**Material provided**
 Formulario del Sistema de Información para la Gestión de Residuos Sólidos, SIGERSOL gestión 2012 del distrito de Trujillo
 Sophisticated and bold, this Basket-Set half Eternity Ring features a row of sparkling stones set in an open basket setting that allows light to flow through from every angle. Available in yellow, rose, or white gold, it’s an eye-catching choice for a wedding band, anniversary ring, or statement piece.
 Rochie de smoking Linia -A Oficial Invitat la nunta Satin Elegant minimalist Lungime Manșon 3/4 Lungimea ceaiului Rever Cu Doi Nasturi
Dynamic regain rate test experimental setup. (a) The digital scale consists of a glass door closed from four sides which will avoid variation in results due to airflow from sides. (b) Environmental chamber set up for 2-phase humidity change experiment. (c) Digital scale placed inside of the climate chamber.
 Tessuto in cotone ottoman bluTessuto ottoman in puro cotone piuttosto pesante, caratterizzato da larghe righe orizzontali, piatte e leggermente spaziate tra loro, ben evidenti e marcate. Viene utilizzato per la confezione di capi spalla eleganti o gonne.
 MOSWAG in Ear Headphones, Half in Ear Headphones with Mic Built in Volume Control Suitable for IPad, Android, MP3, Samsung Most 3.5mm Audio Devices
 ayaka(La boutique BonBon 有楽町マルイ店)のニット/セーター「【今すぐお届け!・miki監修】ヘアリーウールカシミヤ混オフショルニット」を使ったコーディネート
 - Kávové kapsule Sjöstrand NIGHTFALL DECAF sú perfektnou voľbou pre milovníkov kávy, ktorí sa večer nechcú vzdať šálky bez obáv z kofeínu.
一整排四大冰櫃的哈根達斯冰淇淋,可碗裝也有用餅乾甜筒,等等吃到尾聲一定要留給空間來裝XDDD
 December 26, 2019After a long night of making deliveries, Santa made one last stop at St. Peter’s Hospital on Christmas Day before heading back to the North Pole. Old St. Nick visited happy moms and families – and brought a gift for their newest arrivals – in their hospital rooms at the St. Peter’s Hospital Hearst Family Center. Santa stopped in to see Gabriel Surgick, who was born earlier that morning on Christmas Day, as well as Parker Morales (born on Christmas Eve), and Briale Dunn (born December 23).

* * *

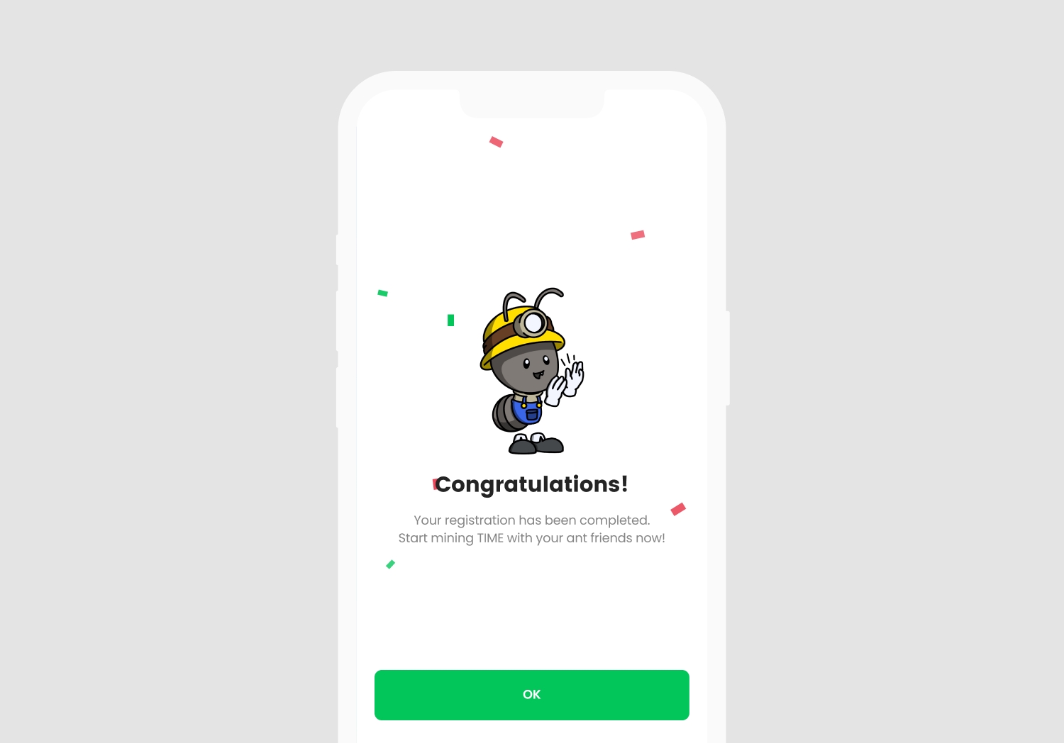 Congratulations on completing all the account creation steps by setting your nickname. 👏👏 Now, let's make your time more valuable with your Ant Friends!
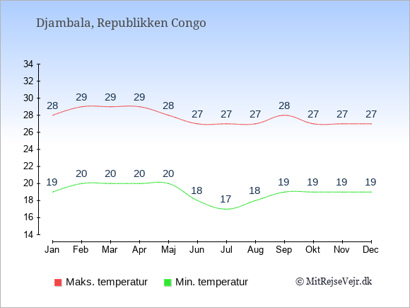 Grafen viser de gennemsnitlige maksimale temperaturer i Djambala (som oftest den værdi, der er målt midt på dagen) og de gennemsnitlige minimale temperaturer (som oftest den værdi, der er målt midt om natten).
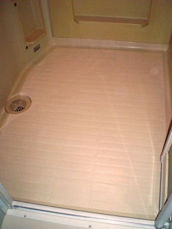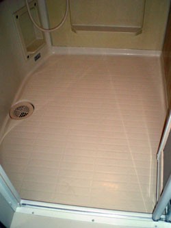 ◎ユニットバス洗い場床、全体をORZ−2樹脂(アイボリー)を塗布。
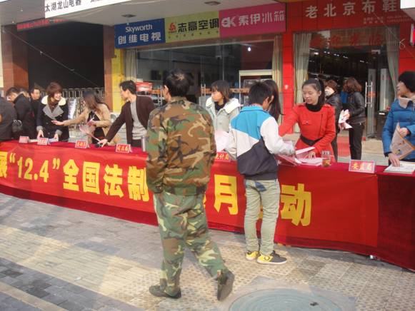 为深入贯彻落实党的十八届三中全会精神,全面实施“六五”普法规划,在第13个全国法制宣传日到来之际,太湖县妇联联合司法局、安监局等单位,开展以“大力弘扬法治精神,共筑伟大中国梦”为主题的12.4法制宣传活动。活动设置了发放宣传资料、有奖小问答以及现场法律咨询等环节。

**Task**
State how many lines of the entries above include the string "from". The reply is that number alone.

**The answer**
2